• Collected data:
^^^^

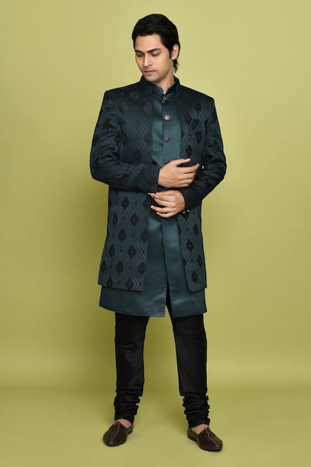 Green feather pattern sherwani crafted from Gorgia Tuxido Satin. Paired with a solid sleeveless inner kurta and a black dupion art silk churidar.
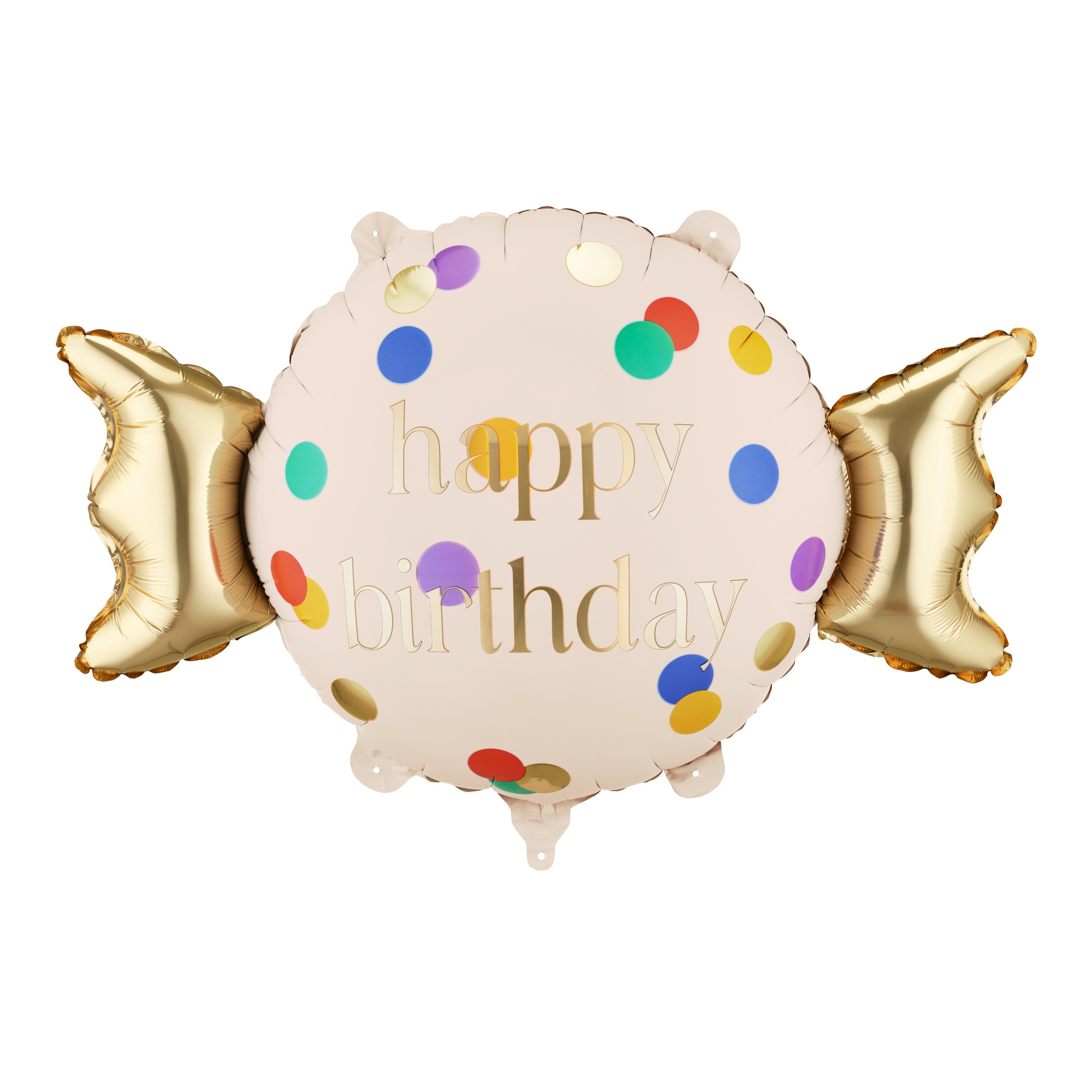 Ballon Candy "Happy Birthday" dans des tons beiges avec détails dorés, décoré de confettis multicolores et portant l'inscription "happy birthday" en finition brillante.
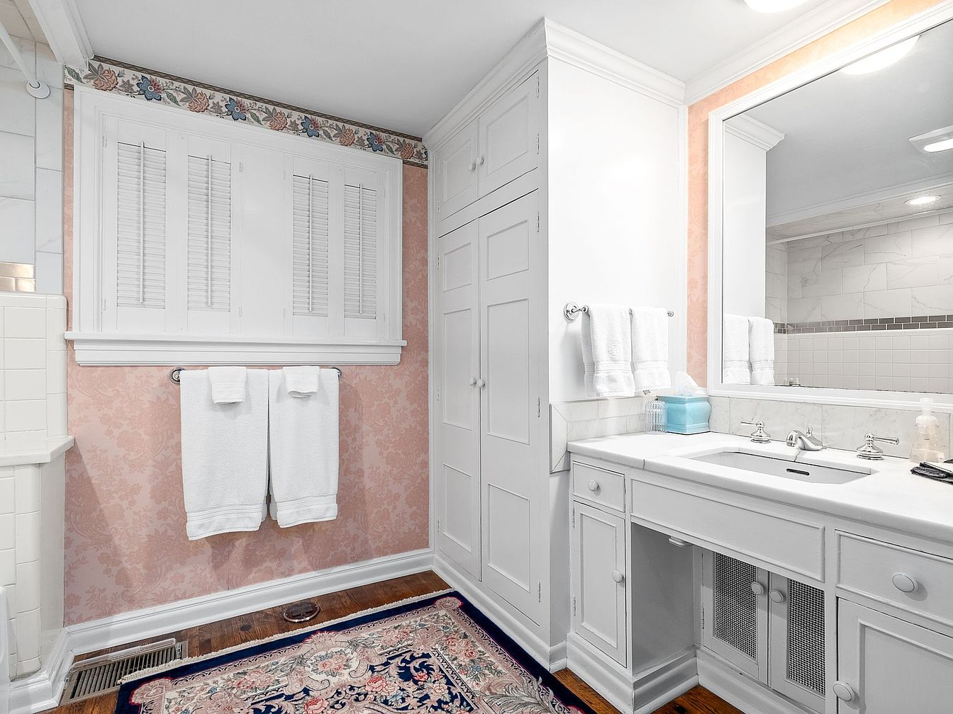 A bright and inviting bathroom vanity area highlighted by crisp white cabinetry and moldings, lending a fresh, classic ambiance to the space. The soft pink damask wallpaper is complemented by an elegant floral border, adding warmth and charm. Ample storage is provided by built-in cabinets and a spacious vanity with a large mirror, while polished chrome fixtures deliver a sense of timelessness. Family-friendly touches include double towel racks and a plush area rug for comfort and safety. The neutral color palette with subtle blue and blush accents makes this bathroom feel both relaxing and sophisticated—perfect for daily routines.
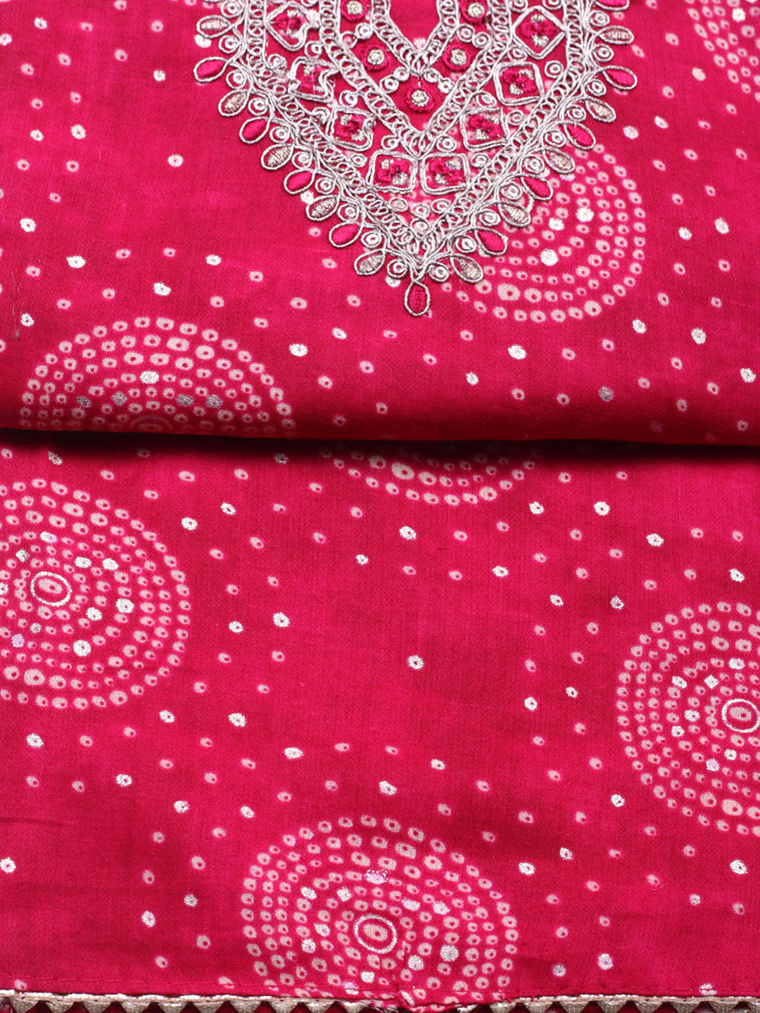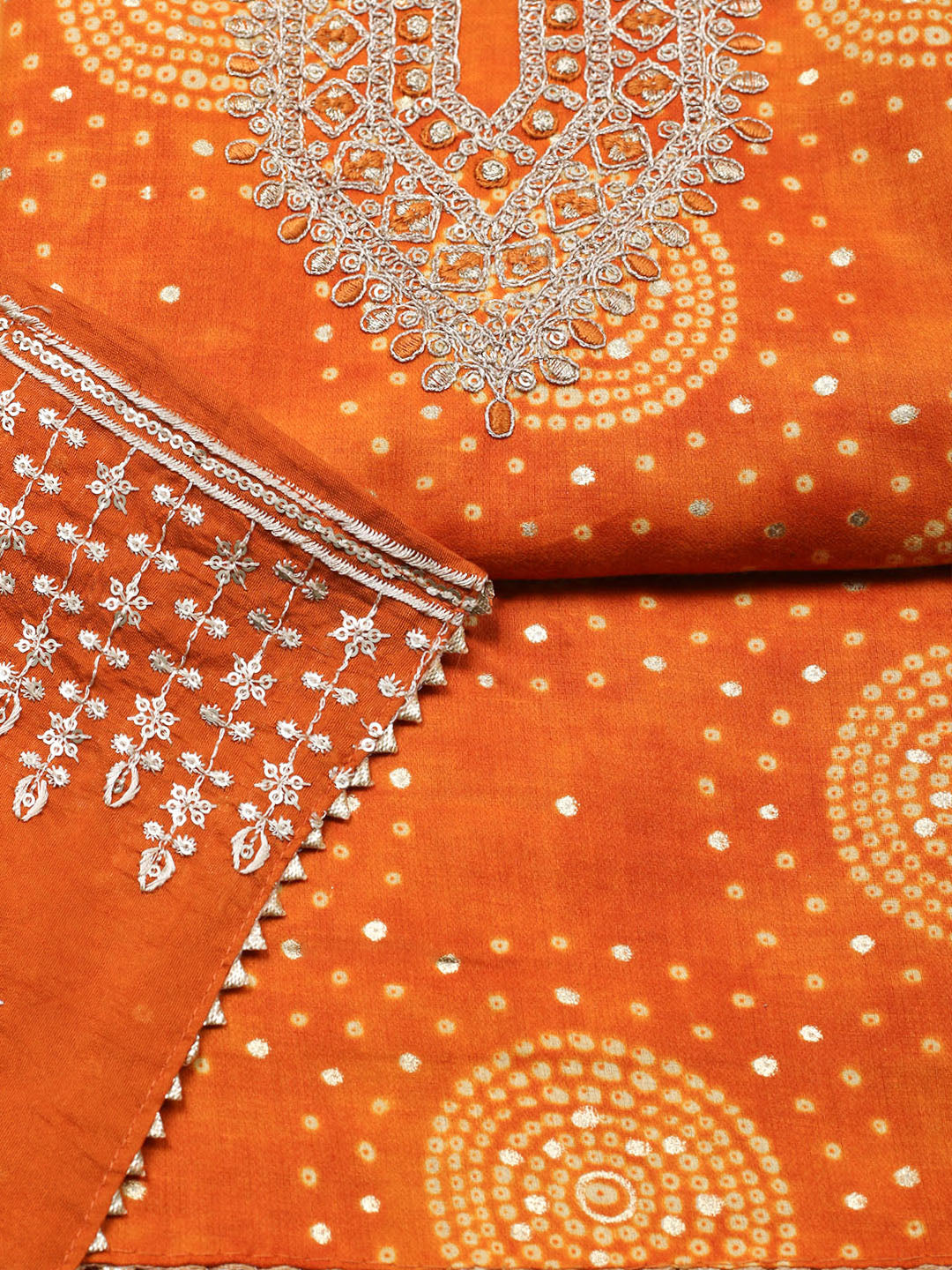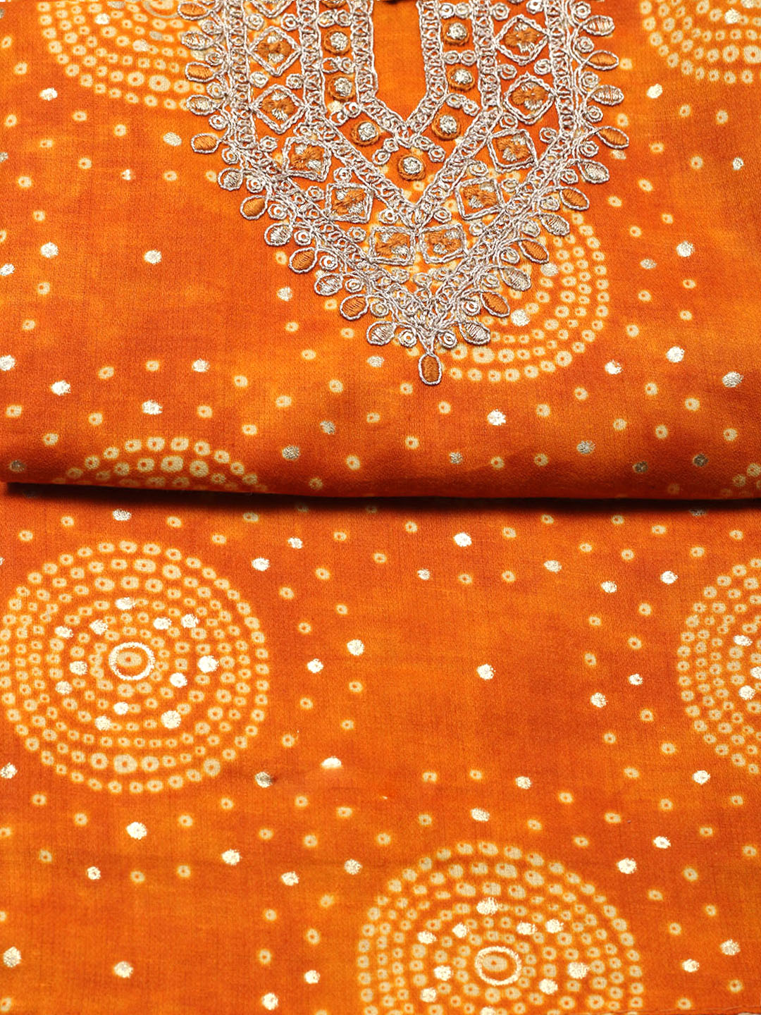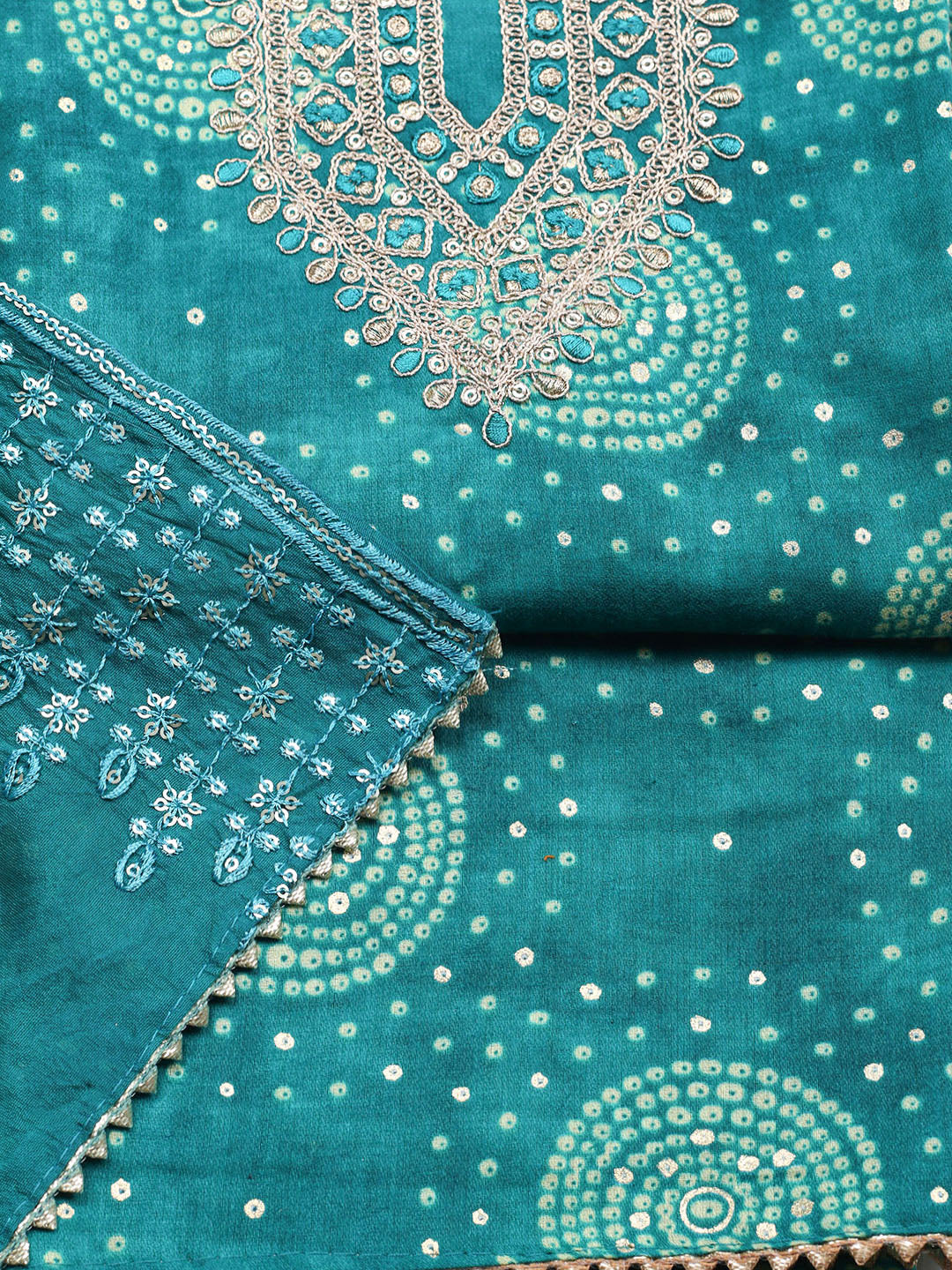Embroidered Cotton Unstitched Suit With Pant & Dupatta

^^^^

• What you should do: Give the data again exactly. Keep the images out.

• Task output:
 Green feather pattern sherwani crafted from Gorgia Tuxido Satin. Paired with a solid sleeveless inner kurta and a black dupion art silk churidar.
 Ballon Candy "Happy Birthday" dans des tons beiges avec détails dorés, décoré de confettis multicolores et portant l'inscription "happy birthday" en finition brillante.
 A bright and inviting bathroom vanity area highlighted by crisp white cabinetry and moldings, lending a fresh, classic ambiance to the space. The soft pink damask wallpaper is complemented by an elegant floral border, adding warmth and charm. Ample storage is provided by built-in cabinets and a spacious vanity with a large mirror, while polished chrome fixtures deliver a sense of timelessness. Family-friendly touches include double towel racks and a plush area rug for comfort and safety. The neutral color palette with subtle blue and blush accents makes this bathroom feel both relaxing and sophisticated—perfect for daily routines.
Embroidered Cotton Unstitched Suit With Pant & Dupatta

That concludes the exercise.